- The task
The expected output is every line of the data exactly as shown, minus the images.

[Stored records]
'''

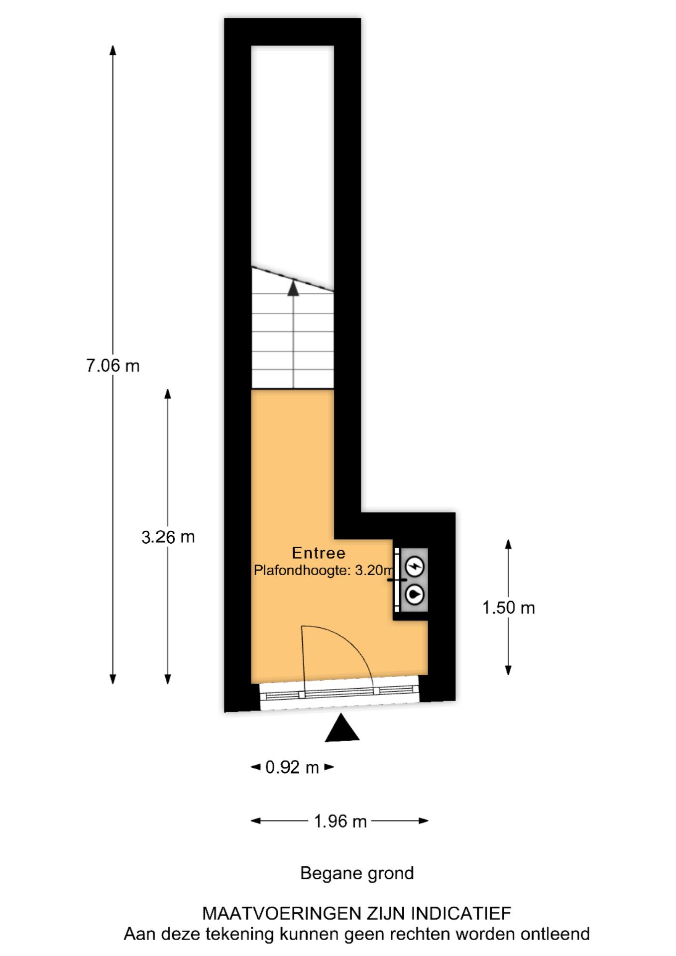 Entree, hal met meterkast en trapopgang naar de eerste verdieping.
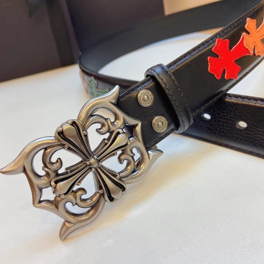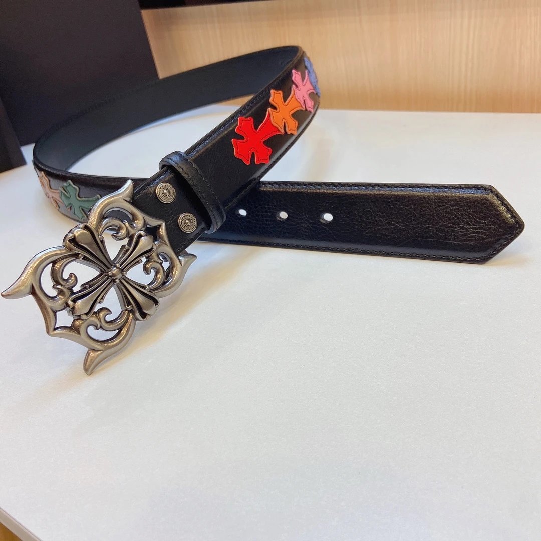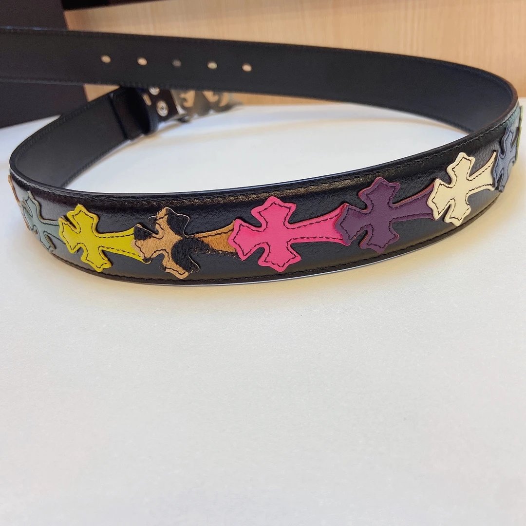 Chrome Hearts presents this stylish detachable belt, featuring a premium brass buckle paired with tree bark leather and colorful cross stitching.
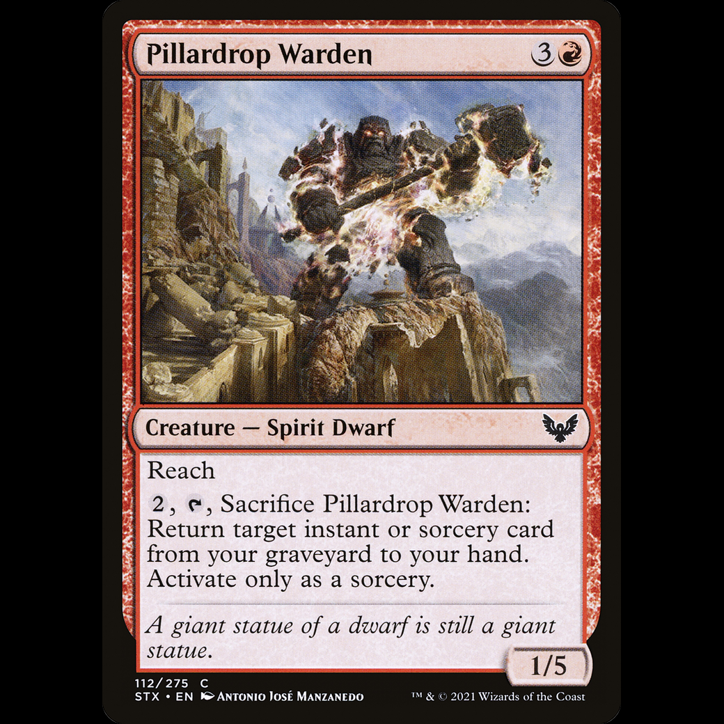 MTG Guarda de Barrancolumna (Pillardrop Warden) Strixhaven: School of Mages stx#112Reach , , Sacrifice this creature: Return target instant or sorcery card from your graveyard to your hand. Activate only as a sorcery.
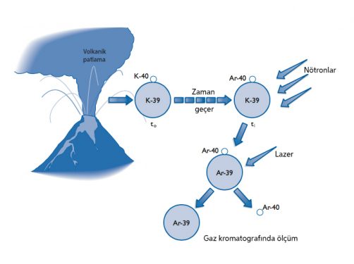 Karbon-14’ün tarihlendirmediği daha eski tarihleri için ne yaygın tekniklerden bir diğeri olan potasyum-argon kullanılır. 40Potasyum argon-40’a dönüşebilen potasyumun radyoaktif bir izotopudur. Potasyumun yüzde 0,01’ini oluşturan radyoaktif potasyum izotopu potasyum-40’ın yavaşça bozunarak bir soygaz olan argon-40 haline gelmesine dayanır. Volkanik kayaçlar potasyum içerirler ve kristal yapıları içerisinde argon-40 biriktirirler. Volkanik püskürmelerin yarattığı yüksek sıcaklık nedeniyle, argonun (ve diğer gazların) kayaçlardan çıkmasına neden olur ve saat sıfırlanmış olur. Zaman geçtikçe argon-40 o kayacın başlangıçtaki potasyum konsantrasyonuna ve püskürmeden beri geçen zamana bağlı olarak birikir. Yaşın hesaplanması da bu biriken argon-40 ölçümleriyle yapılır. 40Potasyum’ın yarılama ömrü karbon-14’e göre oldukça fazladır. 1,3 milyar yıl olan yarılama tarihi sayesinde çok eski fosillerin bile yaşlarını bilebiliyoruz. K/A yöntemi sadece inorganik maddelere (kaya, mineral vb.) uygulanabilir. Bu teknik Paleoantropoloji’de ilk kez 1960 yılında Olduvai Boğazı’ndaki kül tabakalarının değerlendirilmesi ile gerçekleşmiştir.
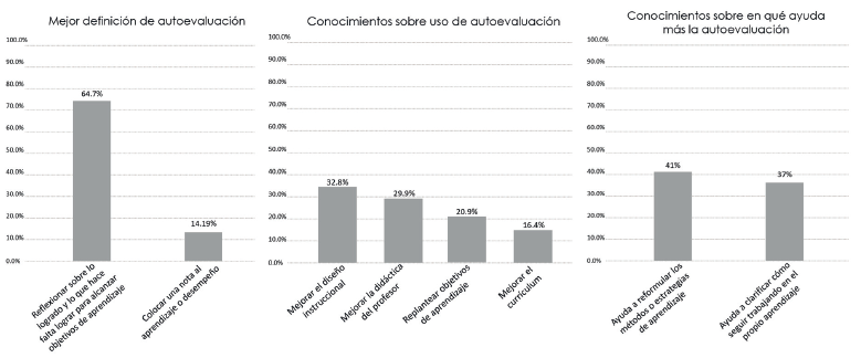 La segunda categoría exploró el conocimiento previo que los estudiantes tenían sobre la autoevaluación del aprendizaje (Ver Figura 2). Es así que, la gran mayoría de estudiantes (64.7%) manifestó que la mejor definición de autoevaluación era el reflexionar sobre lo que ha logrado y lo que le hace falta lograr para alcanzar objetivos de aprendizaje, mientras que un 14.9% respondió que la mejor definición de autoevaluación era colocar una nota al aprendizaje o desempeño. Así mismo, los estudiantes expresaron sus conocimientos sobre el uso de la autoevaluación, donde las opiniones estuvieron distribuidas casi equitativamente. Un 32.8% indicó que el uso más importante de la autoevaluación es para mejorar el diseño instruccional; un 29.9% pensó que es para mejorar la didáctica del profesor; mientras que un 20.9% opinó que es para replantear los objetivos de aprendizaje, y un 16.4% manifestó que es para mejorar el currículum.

'''

- Result of the task
 Entree, hal met meterkast en trapopgang naar de eerste verdieping.
 Chrome Hearts presents this stylish detachable belt, featuring a premium brass buckle paired with tree bark leather and colorful cross stitching.
 MTG Guarda de Barrancolumna (Pillardrop Warden) Strixhaven: School of Mages stx#112Reach , , Sacrifice this creature: Return target instant or sorcery card from your graveyard to your hand. Activate only as a sorcery.
 Karbon-14’ün tarihlendirmediği daha eski tarihleri için ne yaygın tekniklerden bir diğeri olan potasyum-argon kullanılır. 40Potasyum argon-40’a dönüşebilen potasyumun radyoaktif bir izotopudur. Potasyumun yüzde 0,01’ini oluşturan radyoaktif potasyum izotopu potasyum-40’ın yavaşça bozunarak bir soygaz olan argon-40 haline gelmesine dayanır. Volkanik kayaçlar potasyum içerirler ve kristal yapıları içerisinde argon-40 biriktirirler. Volkanik püskürmelerin yarattığı yüksek sıcaklık nedeniyle, argonun (ve diğer gazların) kayaçlardan çıkmasına neden olur ve saat sıfırlanmış olur. Zaman geçtikçe argon-40 o kayacın başlangıçtaki potasyum konsantrasyonuna ve püskürmeden beri geçen zamana bağlı olarak birikir. Yaşın hesaplanması da bu biriken argon-40 ölçümleriyle yapılır. 40Potasyum’ın yarılama ömrü karbon-14’e göre oldukça fazladır. 1,3 milyar yıl olan yarılama tarihi sayesinde çok eski fosillerin bile yaşlarını bilebiliyoruz. K/A yöntemi sadece inorganik maddelere (kaya, mineral vb.) uygulanabilir. Bu teknik Paleoantropoloji’de ilk kez 1960 yılında Olduvai Boğazı’ndaki kül tabakalarının değerlendirilmesi ile gerçekleşmiştir.
 La segunda categoría exploró el conocimiento previo que los estudiantes tenían sobre la autoevaluación del aprendizaje (Ver Figura 2). Es así que, la gran mayoría de estudiantes (64.7%) manifestó que la mejor definición de autoevaluación era el reflexionar sobre lo que ha logrado y lo que le hace falta lograr para alcanzar objetivos de aprendizaje, mientras que un 14.9% respondió que la mejor definición de autoevaluación era colocar una nota al aprendizaje o desempeño. Así mismo, los estudiantes expresaron sus conocimientos sobre el uso de la autoevaluación, donde las opiniones estuvieron distribuidas casi equitativamente. Un 32.8% indicó que el uso más importante de la autoevaluación es para mejorar el diseño instruccional; un 29.9% pensó que es para mejorar la didáctica del profesor; mientras que un 20.9% opinó que es para replantear los objetivos de aprendizaje, y un 16.4% manifestó que es para mejorar el currículum.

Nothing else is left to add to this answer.